ZipRealty never bought into the Web 2.0 free-for-all. By taking the VOW route, the company has steadfastly required registration to view properties and (gasp!) assigns those who register to a ZipRealty agent.

This rather businesslike approach to search has been extended to the handset with the release of the ZipRealty iPhone app (warning: iTunes link).

This app is excellent. Zip has managed to create a feature rich experience that does not feel complex. That’s a significant achievement.

But as I explain below, there are a couple important lose ends in the user experience that need to be addressed in an update ASAP.

First, the good stuff:

The app cuts to the chase: There’s no start screen search function. After a prompt to share location, the user is taken right to a display of properties (initially only recent solds, but more on that below) surrounding them. The search area can be modified from this point either by panning across the map or manually entering a location.


The user interface is fast and clear. One of my beefs with the Redfin iPhone app (which is generally excellent) was its clustering of properties, which I found confusing. The Zip app’s UI is more clear: The default map view is tighter, the pushpins are well done and color-coding plus a simple legend make it easy to differentiate between sold and active properties.

This is also one of the fastest real estate apps I’ve come across. And when the user is made to wait, progress cues are clear.


This app is all business. Viewing active listings requires the user to register. When the user does this, they are assigned to a ZipRealty agent or regional manager who is tied to various calls to action within the app. This makes lead capture and assignment a lot easier, and is something most brokerages simply couldn’t pull off.

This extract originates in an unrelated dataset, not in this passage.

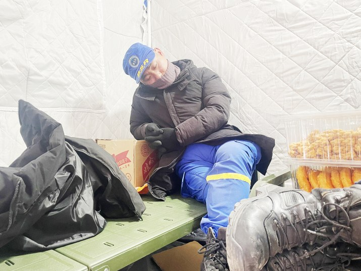 氣溫很低,發(fā)放的飲用水很快就結(jié)成了冰,吃飯時(shí)的哈氣能結(jié)結(jié)實(shí)實(shí)擋住人的臉。但每個(gè)隊(duì)員都仿佛不知寒冷、不知疲倦。

Some nice touches. The app includes value estimates from Zillow, Cyberhomes (which makes me wonder what’s going to happen to all of these API partners in light of recent developments) and Eppraisal. Many of the estimates on the random sampling of properties I viewed varied by 20-30%. This is not surprising, and has the interesting effect of satisfying the user’s desire for value information while simultaneously making the case that it is useless.

Another nice detail is the photo display on the property detail page – a filmstrip that’s just the right size and behaves just the right way.


The not-so-good stuff:

For all of this app’s lead generating promise, it comes up short in a couple areas.

First, account creation (which, remember, is required for viewing active listings) is very difficult. The user is taken outside the app to create an account. Worse still, the three-step account creation form to which they are taken is not even optimized for mobile display. There’s going to be a lot of slippage if that’s not fixed.

Second, the app is not tightly integrated with the ZipRealty website once the account is created. These things should fit together hand-in-glove. Whatever the user does in the app (e.g. save properties, save searches, rate properties, etc.) should be synchronized with their Website account and vice-vice versa. Redfin’s app does this really well. With Zip’s app, the interaction only works one way: Properties you save on the Website will appear in your iPhone app, but not the other way around.


These things notwithstanding, this is an excellent app that gets a lot right.